Al Qaeda sets conditions for talks with US


Express June 20, 2010
Al Qaeda sets conditions for talks with US

Al Qaeda asks US President Barack Obama to “cease all interference in religion, society, politics, economy and government of the Islamic world,” the network’s spokesman said in a video message posted on militant websites on Sunday.

US-born Adam Yahiye Gadahn called on Obama to stop interfering in the region’s educational curricula and end broadcasts targeting the Muslim world, “especially those designed to alter or destroy the faith, minds, morals and values of our Muslim people.”

Gadahn said that the network’s conditions for peace with Washington include the withdrawal of US troops from Afghanistan and Iraq, ending support for Israel, and releasing Muslim prisoners.

“Legitimate Demands 2, Barack’s Dilemma,” produced by al Qaeda’s media arm, al Sahab production, shows Gadahn, wearing a white turban, as he speaks in English with Arabic subtitles.

Gadahn said the Democrats’ loss in January of a Senate seat in the US state of Massachusetts underlined Obama’s falling popularity.

“You are no longer the popular man you once were, a year ago or so. Don’t let the standing ovations you get wherever you go fool you. After all, didn’t they keep applauding George W Bush until the day he left office in disgrace?”

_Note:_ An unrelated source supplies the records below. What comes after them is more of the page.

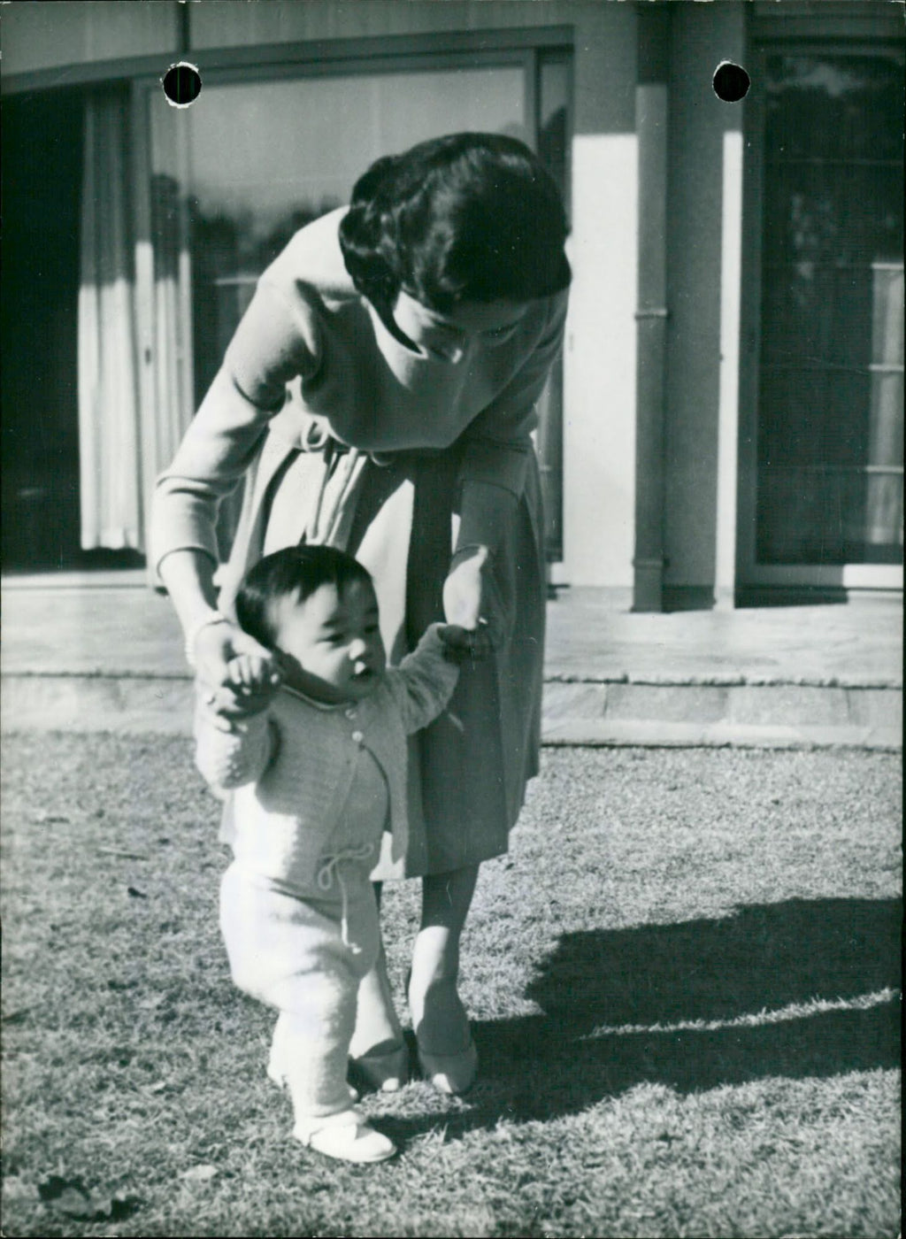 Princess Michiko is teaching Prince Hiro to walk - Vintage Photograph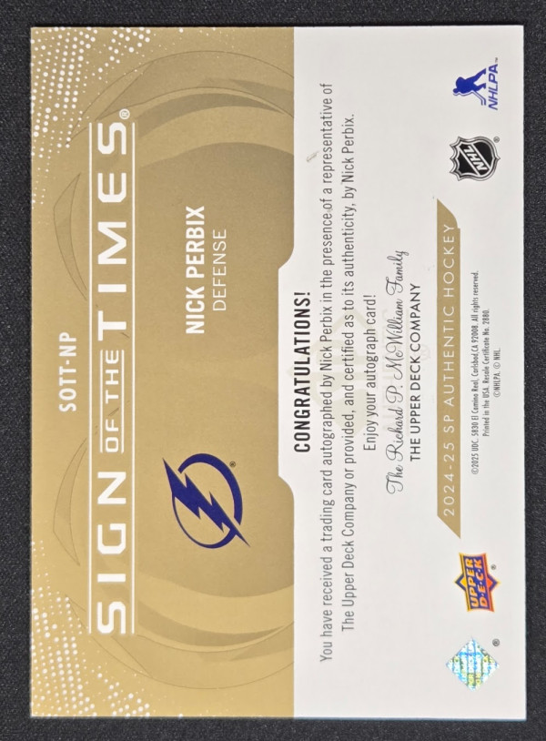 2024-25 SP Authentic Sign of the Times Black /99 - Nick Perbix "Bixx"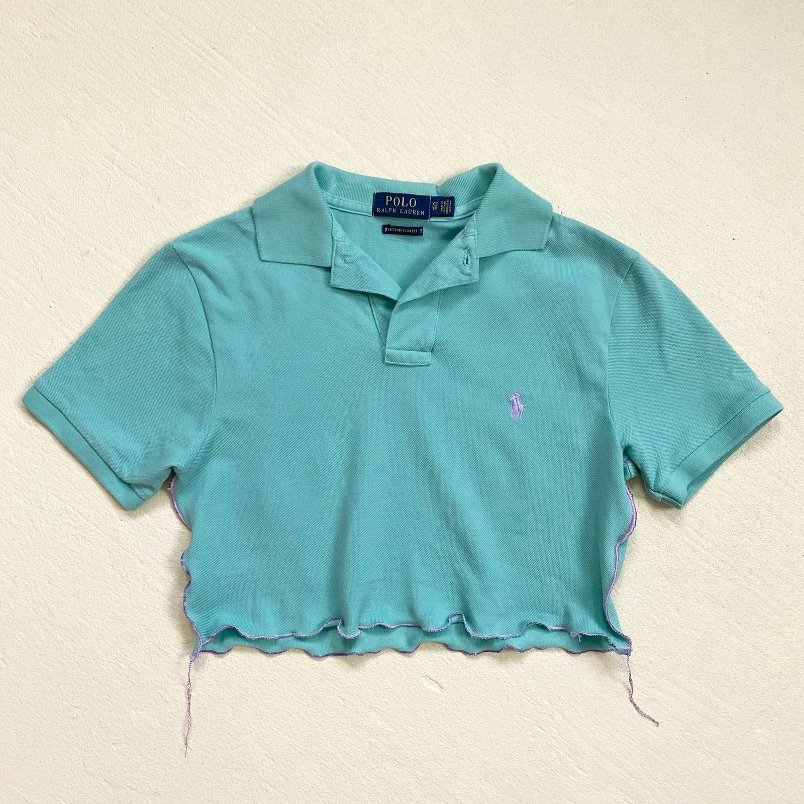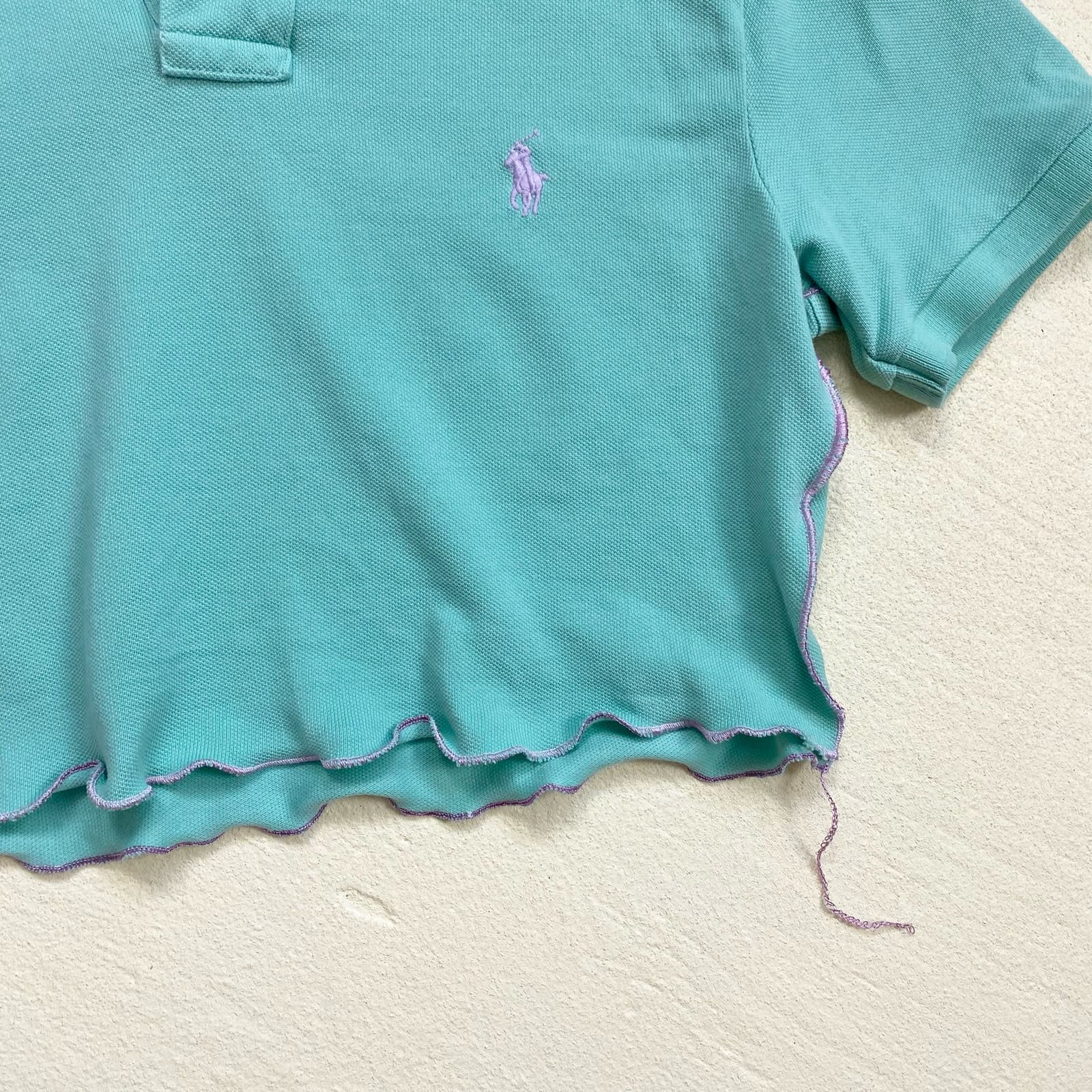 reworked Polo Ralph Lauren 'custom slim fit' mint green cropped polo short sleeve collared top with purple lettuce hem & side seam detail. dangly over-stich side detail. embroidered polo logo. cotton fabric

Gadahn, also known as Azzam al Amriki, has appeared in a number of videos by al Qaeda and has been wanted by the FBI since 2004.

In the 24-minute video entitled “legitimate demands” Gadahn asked the US president to “withdraw all his soldiers, spies, security advisors, trainers, attaches, business, robots, drones and other US personnel, ships and aircraft of all Muslim countries, from Afghanistan to Zanzibar.

He also asked Obama to end his support “both moral and material” to Israel, to boycott Israel and to stop supporting “detestable” regimes in the Muslim world to “stop interfering” in the affairs of Muslims and to release Muslim prisoners detained by the United States.

Published in The Express Tribune, June 21st, 2010.